Tuesday, September 16, 2014

Greater Sudbury Election Notes, Part 8: The Good, The Bad & The Ugly

The Good – Connecting Candidates and Voters

70 candidates have thrown their hats in the ring for 13 seats around the Council table (12 ward councillors and 1 mayor).  Many of these candidates are developing platforms or key messaging with regards to what they feel the priorities are for the City and/or their respective wards.  Many of the candidates have websites which they are using to post this information, along with information about themselves – so that voters have a bit of an opportunity to get to know the candidates.  Some of the candidates are using Facebook to broadcast messages, while others are actively engaging on Facebook with voters.  A number of the candidates are even on Twitter.

For voters looking for information about candidates, the internet has rapidly become the “go to” place. Traditional media can only accomplish so much, and while we’re hearing that a municipal elections website is in the works at Northern Life, and CBC has been profiling some of the candidates responses to surveys, the fact is that social media provides unique opportunities for voters and candidates to interact with one another.
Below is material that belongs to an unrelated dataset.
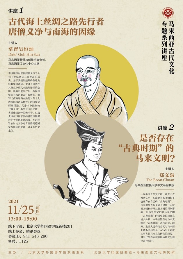 2021年11月25日,爱体育网页版东南亚系、印度尼西亚—马来西亚文化研究所举办了马来西亚古代文化专题系列讲座“古代海上丝绸之路先行者唐僧义净与南海的因缘”和“是否存在‘古典时期’的马来文明?”。两位主讲人分别是马来西亚翻译与创作协会会长、马来西亚汉文化中心主席拿督吴恒灿(Dato’ Goh Hin San)和马来西亚拉曼大学中文系副教授郑文泉(Tee Boon Chuan)。讲座以线上线下结合的方式进行,由爱体育(中国)东南亚系谢侃侃助理教授主持,东南亚系罗杰副教授作为与谈人参与了讨论。

To that end, a number of innovative offerings have sprung up.  One of the first that I noted was Mike Bleskie’s “Sudelec Candidates” list on Twitter.  Here, Mike has been maintaining a list of candidates who are on Twitter.  The “Sudelec” name was chosen as a result of the City of Greater Sudbury tweeting their election updates using the #sudelec hashtag – a hashtag which certainly has not caught on with candidates and Sudbury voters.  Indeed, both the #sbypoli and #Sudbury hashtags appear to contain just as many election-related tweets as #sudelec, which means that those tweets are that much harder to find (note to readers: I am only tweeting election-related tweets using the #sudelec hashtag).

Not many Sudburians are taking advantage of this fantastic resource – as of today, the List has only 9 subscribers (I’m two of them, along with a stuffed turtle).  Mike has added 39 accounts to the list, of which as many as 34 may actually be candidates in the Greater Sudbury election (Mike needs to do a little house-cleaning to remove the accounts of those who have left the race, or those, like “SudburysNextMayor”, who never joined).  Unfortunately, although Mike Bleskie is himself a candidate, Twitter doesn’t allow the account of a list-maker to be included in the List.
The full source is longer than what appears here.